Спасибо! Очень рад,что Вам понравилась музыка!

----------


## Валерьевна

*Борис, 
Чудесные колокольчики!!! 
Зазвенели, немного грустно, тревожно, но всё же!!!
Радуют!!!!!
СПАСИБО, Автору и Исполнителю!!!
*

----------


## Борис Улыбышев

Благодарю Анжелика!:smile: Колокольчики в самом деле получились немного грустные, но такое уж у меня было настроение)) РАд, что понравилось!

----------


## Борис Улыбышев

Первый клип,сделанный на одну из моих ранних мелодий)))

----------


## Борис Улыбышев



----------


## Лев

Неплохо! :Ok:  А корова это кто? :Derisive:

----------


## Борис Улыбышев

> Неплохо! А корова это кто?


Спасибо!))) Корова на траве-это моя группа:)

----------


## Борис Улыбышев

Запись с репетиции

----------


## Борис Улыбышев

Музыка,исполнение - Борис Улыбышев

----------


## Борис Улыбышев

Фрагмент концерта в Шахтах

----------


## Борис Улыбышев



----------


## Лев

> Ручей времени


*В лучших традициях музыки Баха и его современников! Ковбой - сильная и серьёзная композиция, но... не соответствует названию.*

----------


## Борис Улыбышев

Спасибо огромное! Я очень люблю Баха,правда я думаю,что еще до него не дорос:)

----------


## Лев

> Я очень люблю Баха,правда я думаю,что еще до него не дорос:)

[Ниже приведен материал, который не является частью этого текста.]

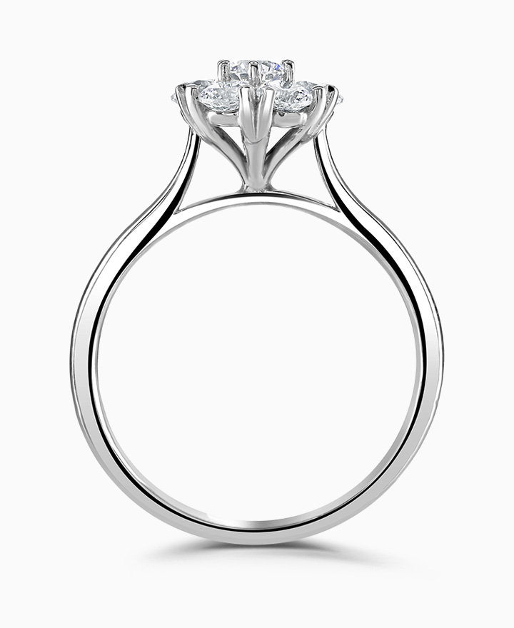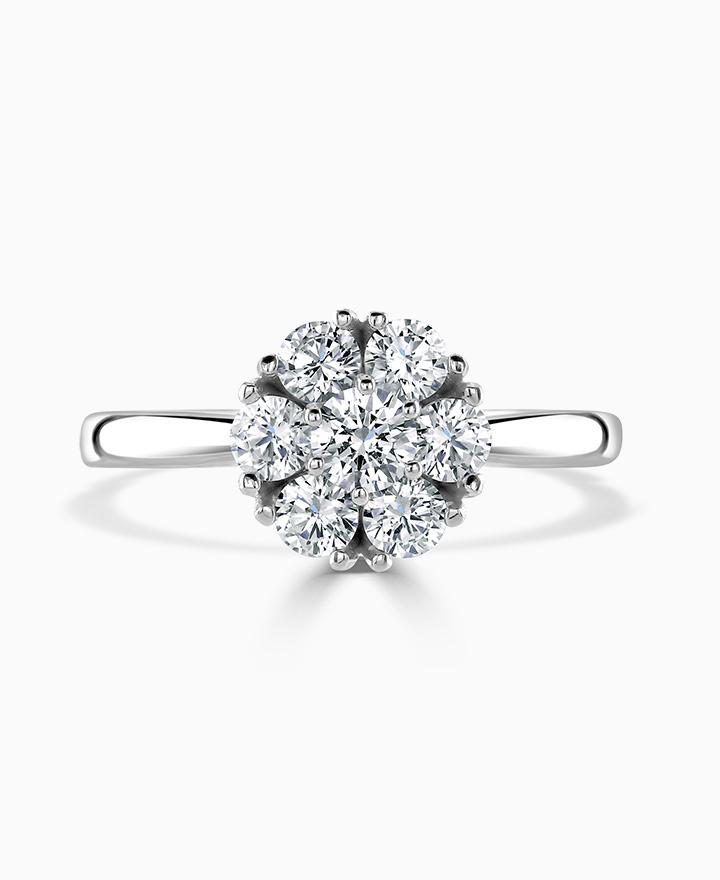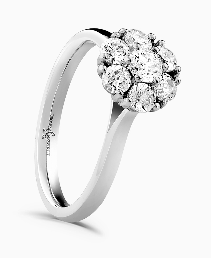 Handcrafted by Brown & Newirth; a delicate elevated cluster setting of round brilliant cut diamonds, presented here on a classic court band. 0.80ct
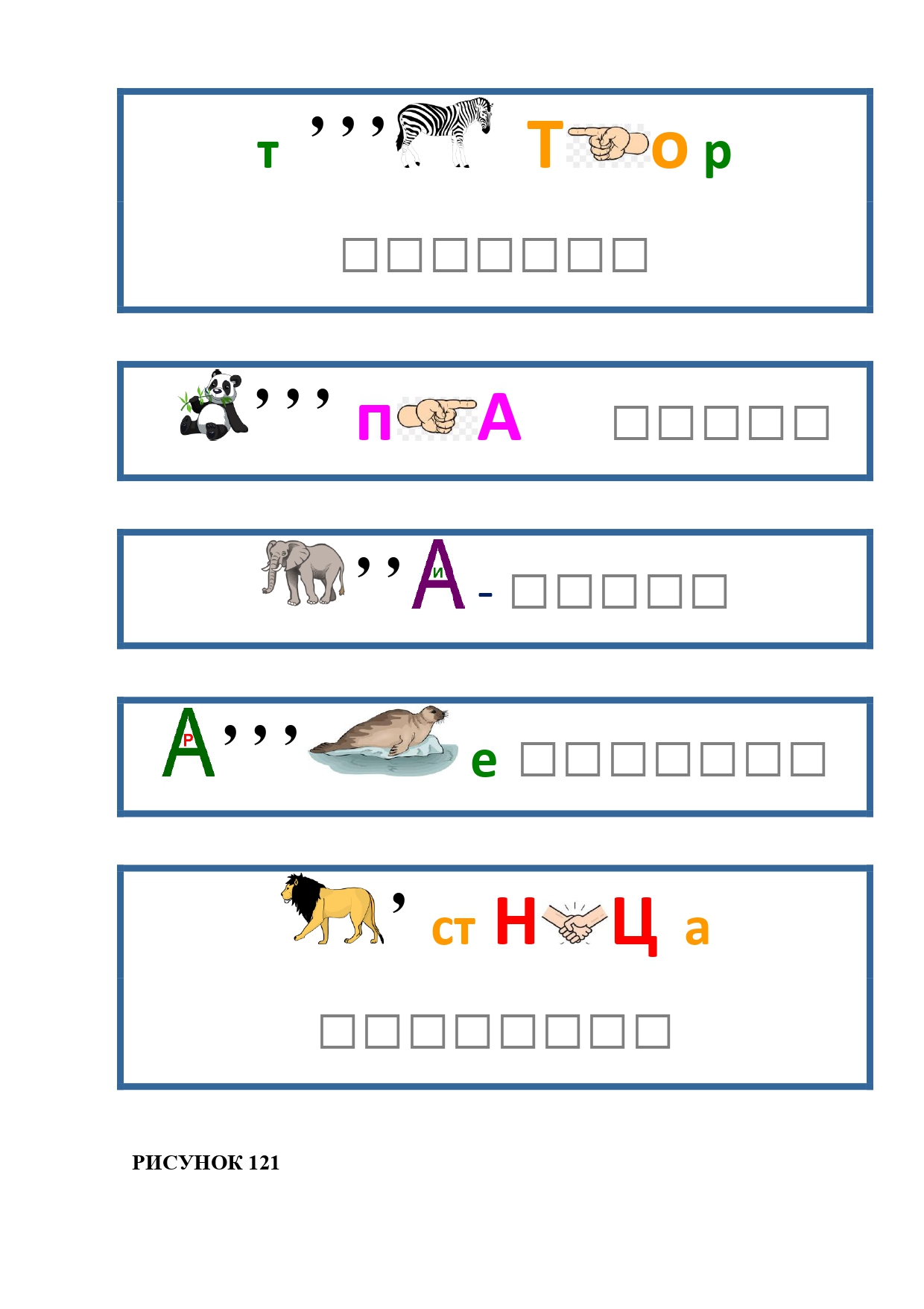РИСУНОК 12: павиан, тигр, тритон, хорёк, антилопа
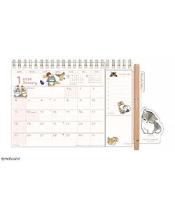 カレンダーの端には絵柄がひょっこりかわいいペンホルダー、メモ書きに便利な付箋やTo Doリストが各30枚ずつ付いているのもポイントです。
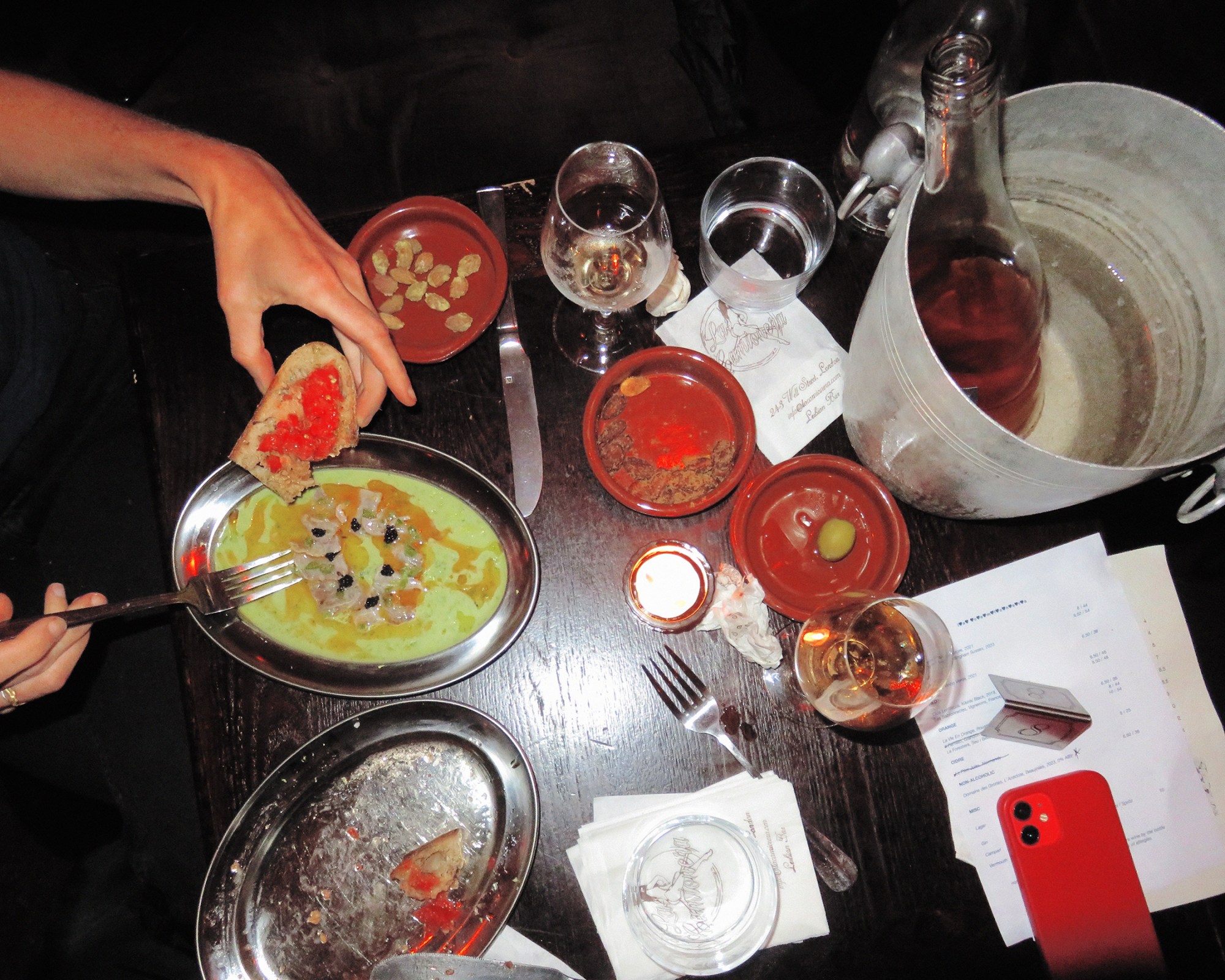 The vibe is inspired by the bars you might find on the continent: hand-painted tiles, soft orange lighting and exposed concrete flooring. But it feels right at home here in Hackney, with Jolene’s HQ in one direction and Viccy Park in the other. When I tell Jimmy that my friend, an impressive girlboss type, might join us, they nod their head and say: “It does feel like we need a girlboss here.” Or at least a girlboss’s bank account – a bottle of orange wine will set you back around £50.
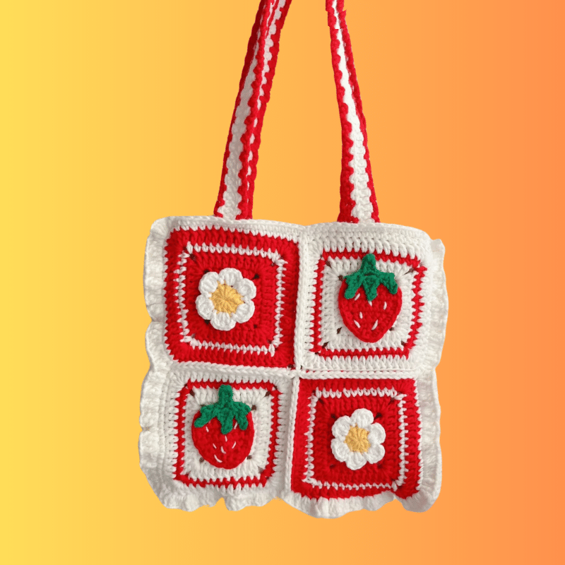 Lulusnow Handmade 3D Strawberry Crochet Bag
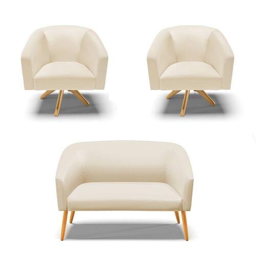 A Namoradeira Stella além de linda vem com um design moderno. Ideal para comportar duas pessoas. Projetada para fornecer segurança, bem-estar e aconchego para quem se assentar. Com um acabamento rico em detalhes, o tecido em Corino, no seu encosto e no assento é composta por espuma mais densa D-23. Os pés são em palito de madeira castanho, tornando o móvel ainda mais resistente. Ela combina com qualquer decoração. Fala aí se não é uma ótima oportunidade!! Escolha seu kit 01 Namoradeira 02 lugares e 02 Poltronas com base giratória de madeira e crie uma decoração romântica, perfeita para casais apaixonados desfrutarem um tempo juntos.
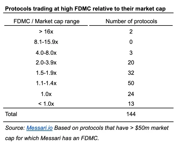 如今,高完全稀释市值和低市值的资产已经不那么普遍了。但它们仍然存在。下表列出了完全稀释市值与市值之间的倍数关系的协议数量。
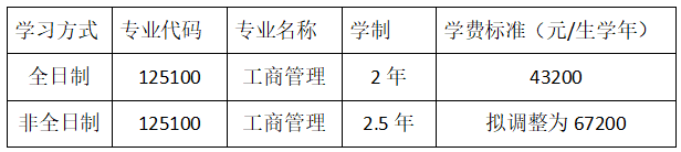 南开大学2019级工商管理硕士研究生(MBA)学费标准
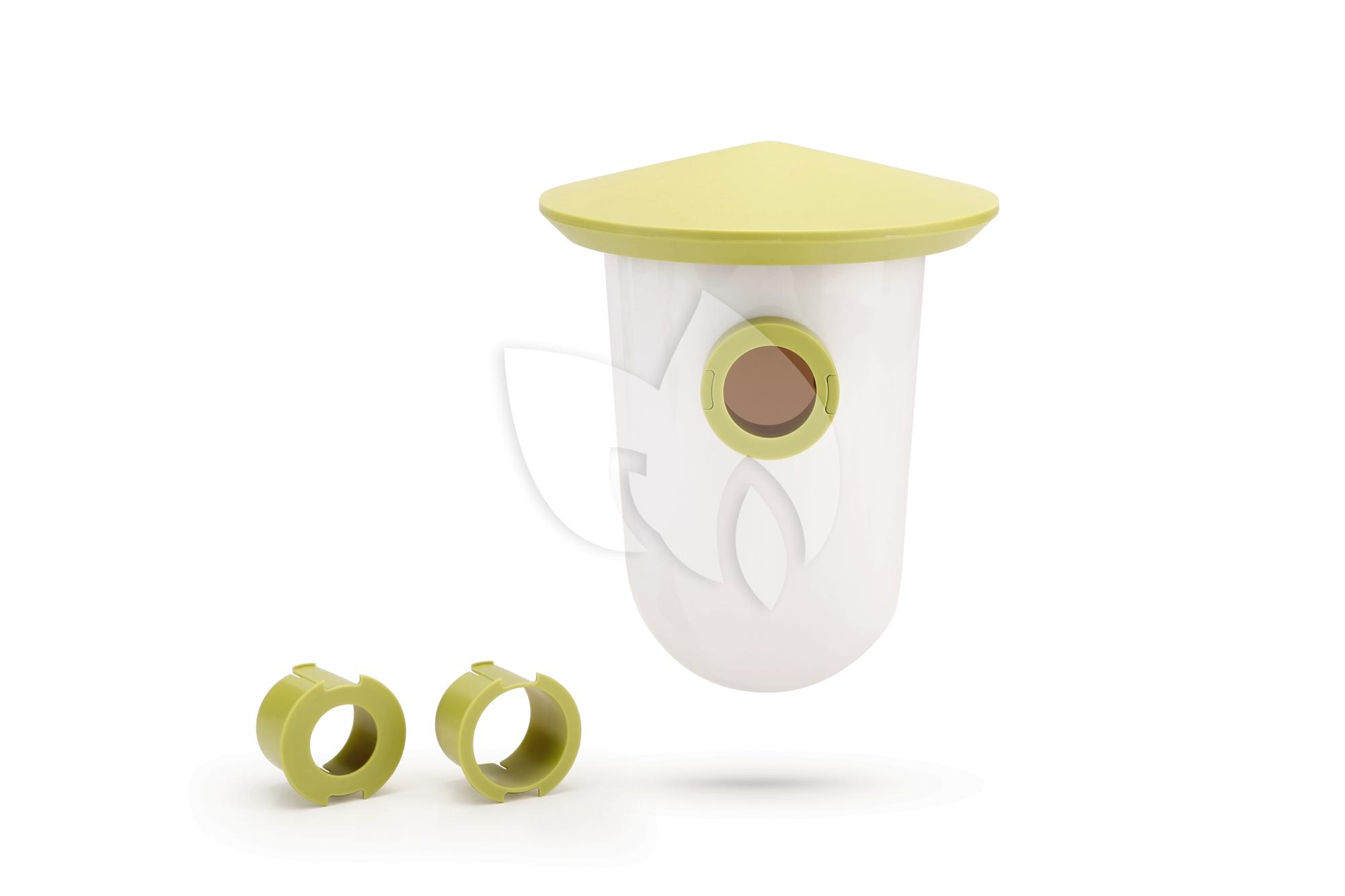 Een modieuze en eigentijdse broedhuisje voor onze kleine gevederde vriendjes. Dit broedhuisje uit de Singing Friend collectie kan op verschillende manieren bevestigt worden. Deze kan middels een schroef aan de muur bevestigt worden maar ook aan zowel horizontale als verticale oppervlaktes. Denk bij dit laatste aan een schutting of regenpijp doormiddel van het meegeleverde klittenband. Eens gemonteerd, is het broedhuisje heel makkelijk schoon te maken. U draait de silo een slag en deze komt los van het dakje. Uiteraard ook weer makkelijk terug te hangen door deze tegen het dakje aan te houden en wederom een slag te draaien. Dakje en voeropening zijn beide waterdicht. Kleur: groen.
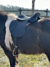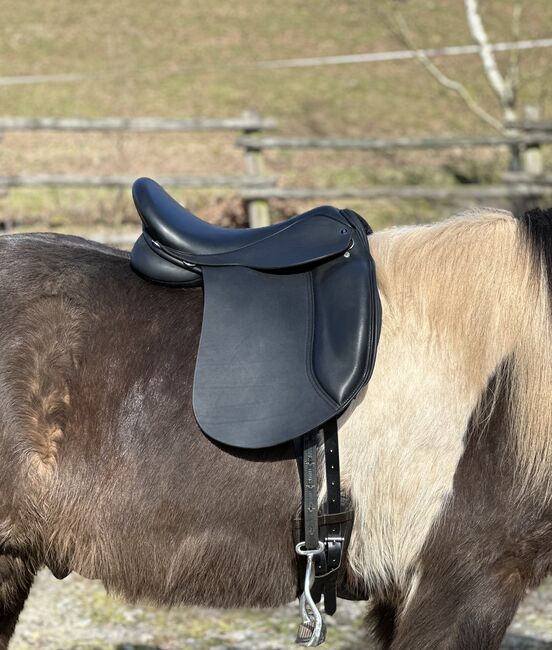 Allround sadel för fritid, dressyr & tölt - Provleverans - Isländsk Haflinger Tinker COB - Kort, bekväm allround-sadel för fritid/dressyr & tölt - passar runda hästar med låg mankhöjd, rak till lätt böjd rygg. 17" sits - skänkel ca 40 cm (total längd 43 cm) - KW 34 - bred ryggkanal (se foton för mått). Leverans efter godkännande (försäkrad med DHL-spårningsnummer).
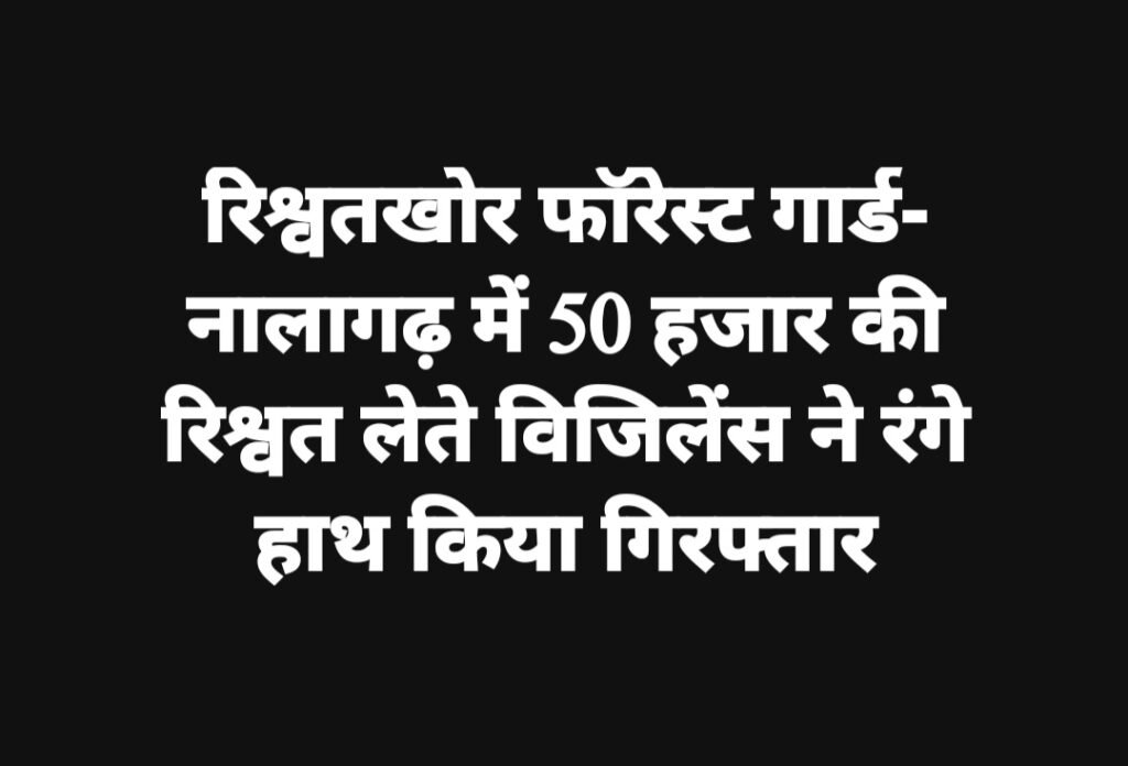 हिमाचल प्रदेश में भ्रष्टाचार के खिलाफ जारी सख्त अभियान के तहत विजिलेंस एवं एंटी करप्शन ब्यूरो ने नालागढ़ उपमंडल के पंजैहरा क्षेत्र में बड़ी कार्रवाई करते हुए एक फॉरेस्ट गार्ड को 50 हजार रुपये की रिश्वत लेते हुए रंगे हाथ गिरफ्तार किया है। यह कार्रवाई सोमवार शाम को की गई, जिससे क्षेत्र में हड़कंप मच गया।
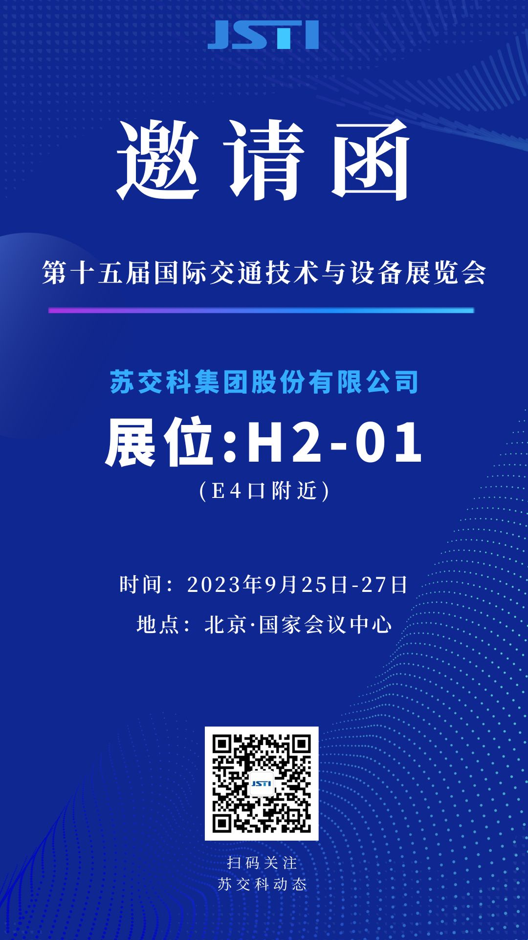 2023年09月25至27日,由交通运输部主办、中国国际可持续交通创新和知识中心具体承办的全球可持续交通高峰论坛暨第15届国际交通技术与设备展览会将于北京举行。大会期间,苏交科携海外子公司Eptisa在北京国家会议中心展览区设立主题展位(展位号:H2-01,E4口附近)。诚挚邀请您莅临苏交科展位参观指导。
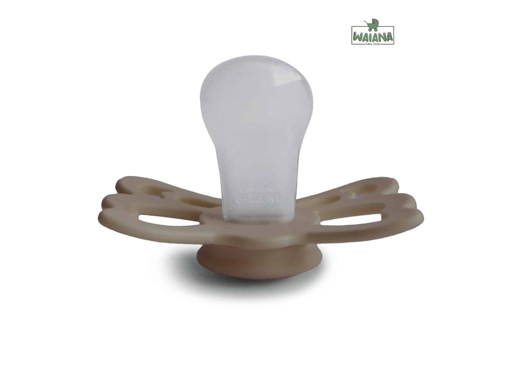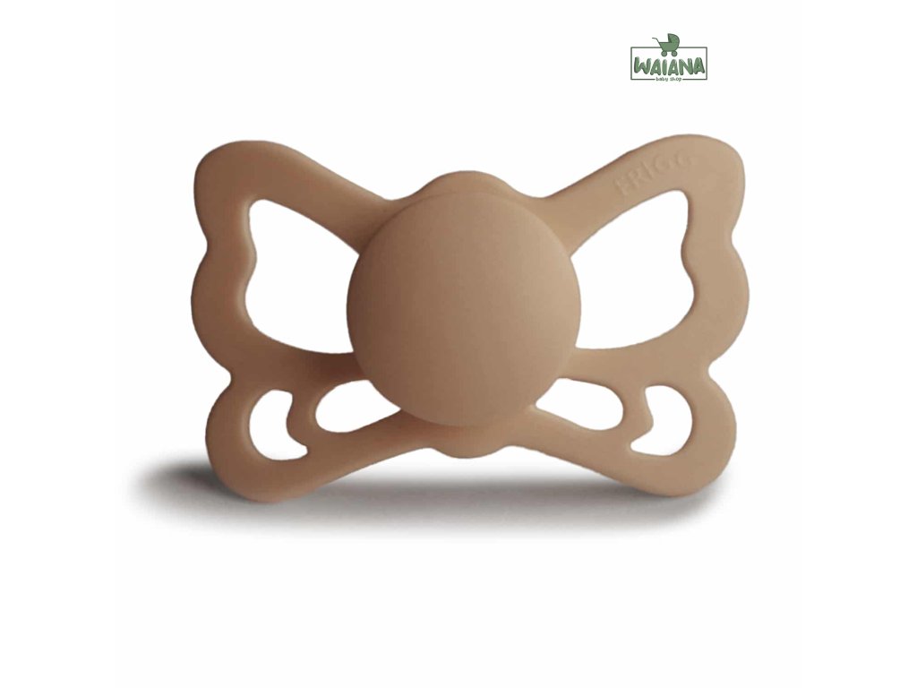Tvar cumlíka FRIGG Butterfly pripomína motýľa. Štít so zvlnenými okrajmi má veľké vzduchové otvory pre väčšiu bezpečnosť a jeho okrúhly stred krásne zvýrazňuje eleganciu cumlíka.
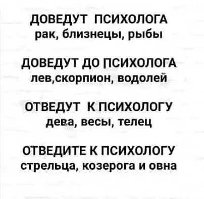 Мы с женой я рыбы и она рак + психолог с красным дипломом.. Жизнь - весела 😂 Довожу психолога....
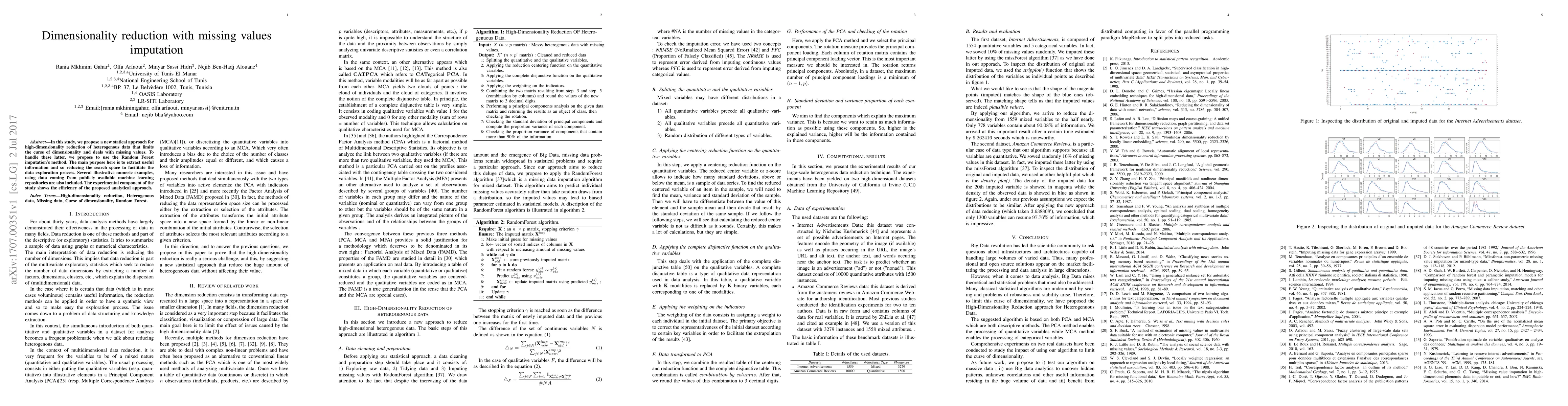 This research introduces a novel statistical method for reducing high-dimensional heterogeneous data, addressing the curse of dimensionality and missing values using Random Forest imputation. Experimental results demonstrate the approach's effectiveness with examples from public machine learning repositories.

Каждый должен быть самим собой :Smile3:

----------


## Борис Улыбышев



----------


## Борис Улыбышев

Музыка,исполнение Борис Улыбышев

----------


## Лев

Какие мелизмы! Улёт! :Yes4:  Это про бабочек...
Убаюкал - это про колыбельную :Smile3:

----------


## Борис Улыбышев

Спасибо Лев!
Полет бабочки-это про бабочку однодневку,которая летала весь день и радовалась жизни!
Ну а к вечеру она умерла...                                                                                  Колыбельная-это успокаивающая)))

----------


## Борис Улыбышев



----------


## Валерьевна

*Борис!!! С Праздником!!!**
Спасибо за прекрасную музыку!!!*
[IMG]http://*********org/1423715.gif[/IMG]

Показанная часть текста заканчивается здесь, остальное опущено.